BEGIN

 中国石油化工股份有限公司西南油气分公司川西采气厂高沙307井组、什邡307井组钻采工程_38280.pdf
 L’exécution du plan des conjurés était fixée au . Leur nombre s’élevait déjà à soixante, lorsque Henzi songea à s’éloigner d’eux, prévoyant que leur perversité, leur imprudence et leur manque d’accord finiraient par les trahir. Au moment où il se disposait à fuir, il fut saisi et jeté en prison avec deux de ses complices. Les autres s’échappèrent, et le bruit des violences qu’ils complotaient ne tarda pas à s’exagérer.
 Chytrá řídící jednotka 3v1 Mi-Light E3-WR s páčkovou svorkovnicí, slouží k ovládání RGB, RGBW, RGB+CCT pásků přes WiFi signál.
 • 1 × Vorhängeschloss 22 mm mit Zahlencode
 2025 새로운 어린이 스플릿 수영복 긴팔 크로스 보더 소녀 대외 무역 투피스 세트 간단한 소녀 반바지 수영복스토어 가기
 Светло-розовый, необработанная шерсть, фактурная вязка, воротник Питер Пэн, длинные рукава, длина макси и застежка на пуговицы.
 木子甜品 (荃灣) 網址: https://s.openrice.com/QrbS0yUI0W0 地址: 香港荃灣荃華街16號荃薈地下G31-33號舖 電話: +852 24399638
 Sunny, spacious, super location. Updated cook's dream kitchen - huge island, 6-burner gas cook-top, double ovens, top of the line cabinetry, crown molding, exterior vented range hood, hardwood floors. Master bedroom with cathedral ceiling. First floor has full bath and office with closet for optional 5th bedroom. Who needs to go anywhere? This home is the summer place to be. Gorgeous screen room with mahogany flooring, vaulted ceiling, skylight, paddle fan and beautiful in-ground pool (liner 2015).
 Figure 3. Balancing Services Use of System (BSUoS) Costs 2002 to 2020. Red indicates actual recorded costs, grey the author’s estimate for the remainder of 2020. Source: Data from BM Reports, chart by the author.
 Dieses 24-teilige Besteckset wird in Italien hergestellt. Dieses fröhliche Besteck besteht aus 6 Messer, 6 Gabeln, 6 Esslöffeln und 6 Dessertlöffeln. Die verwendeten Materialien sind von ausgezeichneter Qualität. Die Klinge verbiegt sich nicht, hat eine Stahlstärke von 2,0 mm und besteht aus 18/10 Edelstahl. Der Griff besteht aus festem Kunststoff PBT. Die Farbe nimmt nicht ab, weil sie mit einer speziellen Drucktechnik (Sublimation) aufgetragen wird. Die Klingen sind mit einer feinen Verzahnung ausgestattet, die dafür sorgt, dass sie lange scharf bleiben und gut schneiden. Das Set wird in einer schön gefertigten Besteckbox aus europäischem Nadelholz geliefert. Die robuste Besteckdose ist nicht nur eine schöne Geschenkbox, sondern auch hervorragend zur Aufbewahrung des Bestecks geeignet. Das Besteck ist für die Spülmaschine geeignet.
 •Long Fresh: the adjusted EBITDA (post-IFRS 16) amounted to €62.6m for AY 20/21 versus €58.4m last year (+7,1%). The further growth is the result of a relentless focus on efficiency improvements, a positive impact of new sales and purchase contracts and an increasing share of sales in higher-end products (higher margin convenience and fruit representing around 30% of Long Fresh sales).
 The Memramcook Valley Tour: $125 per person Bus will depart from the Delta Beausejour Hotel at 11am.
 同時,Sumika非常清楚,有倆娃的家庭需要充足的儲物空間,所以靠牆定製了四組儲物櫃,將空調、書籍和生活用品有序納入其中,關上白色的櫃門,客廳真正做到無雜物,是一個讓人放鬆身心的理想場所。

END

◆ **Your assignment**
Copy down every line of the entries containing the word "from".

◆ **Solution to this exercise**
 Figure 3. Balancing Services Use of System (BSUoS) Costs 2002 to 2020. Red indicates actual recorded costs, grey the author’s estimate for the remainder of 2020. Source: Data from BM Reports, chart by the author.
 The Memramcook Valley Tour: $125 per person Bus will depart from the Delta Beausejour Hotel at 11am.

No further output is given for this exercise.